* _Stored entries_
——

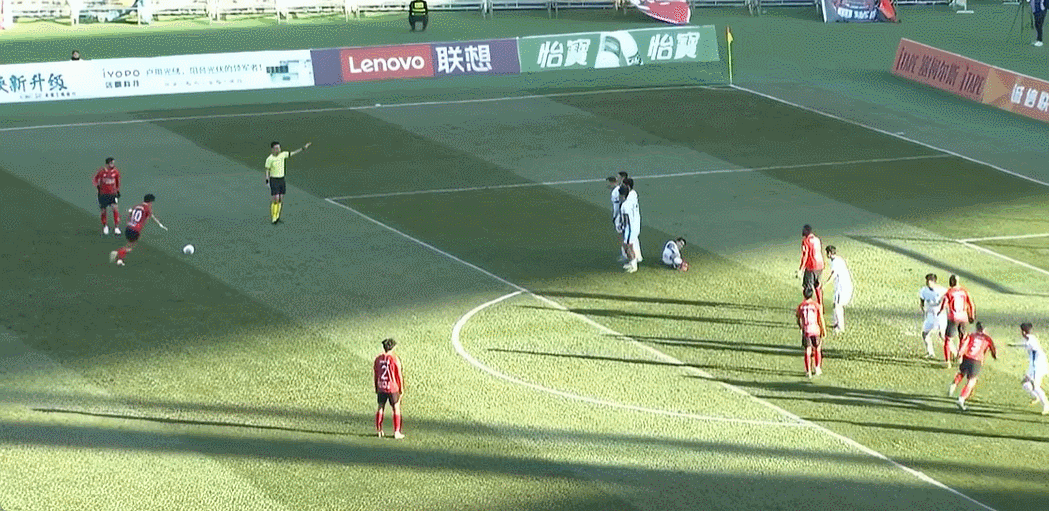 85’陈彬彬横传,贾博琰迎球打门命中,但裁判员吹陈彬彬越位在先
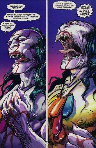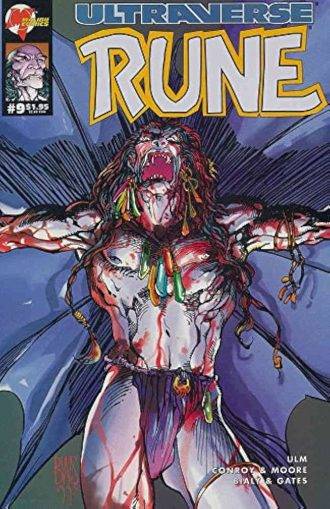 Rune es un título que combina misticismo, horror, ciencia ficción, conspiraciones, referencias tanto históricas como mitológicas, todo eso vislumbrado a través del arte de su incomparable creador. El volumen original de Rune se extiende a lo largo de un especial “ashcan” (una suerte de número preview que solía publicarse en los ´90) y nueve números mensuales, de los cuales, solo seis son dibujados por BWS, y son lo que realmente valen la pena. También hay un par de especiales y varias miniseries, pero principalmente son de la etapa marveliana de Malibu, por lo que la historia de Rune pasa a estar entrelazada con personajes del Universo Marvel, especialmente Silver Surfer y Adam Warlock. En mi opinión es un desperdicio, porque la historia de Rune tal como la había visualizado su creador, es lo que se ve en el primer arco de la serie original, desde el ashcan hasta los primeros 6 números de la misma. El resto no es más que relleno.
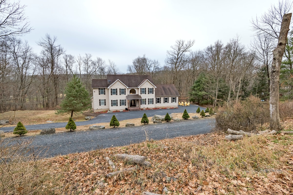 Kỳ nghỉ gia đình Pocono • Suối • Hồ bơi • Lò sưởi
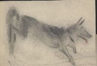 Perro Dibujo a lápiz, de un perro apoyado sobres sus patas delanteras y en el aire las traseras, momento que capta el salto del perro, que ocupa todo la escena, realizado con una técnica muy libre.
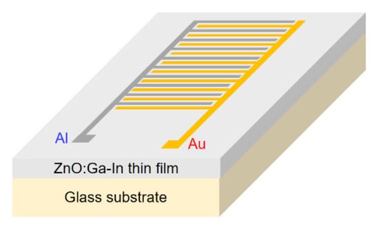 The sol-gel and spin-coating process is a typical chemical solution deposition process for the preparation of large-area functional oxide films. It has several attractive features, including low-cost equipment, a simple process, easy adjustment of the chemical composition, flexible integration with microelectronics processes, and high efficiency in technological production [,]. The influence of asymmetric metal contacts on the photoresponse of GaN MSM-PDs has been reported. However, the improvement of the photosensing characteristics of solution-processed ZnO-based MSM-PDs by an asymmetric contact structure has not been studied. In this study, the authors prepared ZnO:Ga-In transparent semiconductor thin films, which exhibited the qualities of optoelectronic devices, for application as the sensing layer of MSM-PDs. The photodetection properties of ZnO:Ga-In MSM-PDs with Al-Al symmetric electrodes and Al–Au asymmetric electrodes were compared. In addition, the work function difference between the Al and Au metals allowed us to fabricate an Al/ZnO:Ga-In/Au UV photodetector with an asymmetric metal contact structure, which could lead to UV light detection without an externally applied voltage to achieve a self-powered MSM-PD.

——

* _Task brief_
Write out word for word the lines above that run from the one with "Kỳ nghỉ gia" to the one with "Perro Dibujo a". Include both end lines; exclude the images.

* _Worked solution_
 Kỳ nghỉ gia đình Pocono • Suối • Hồ bơi • Lò sưởi
 Perro Dibujo a lápiz, de un perro apoyado sobres sus patas delanteras y en el aire las traseras, momento que capta el salto del perro, que ocupa todo la escena, realizado con una técnica muy libre.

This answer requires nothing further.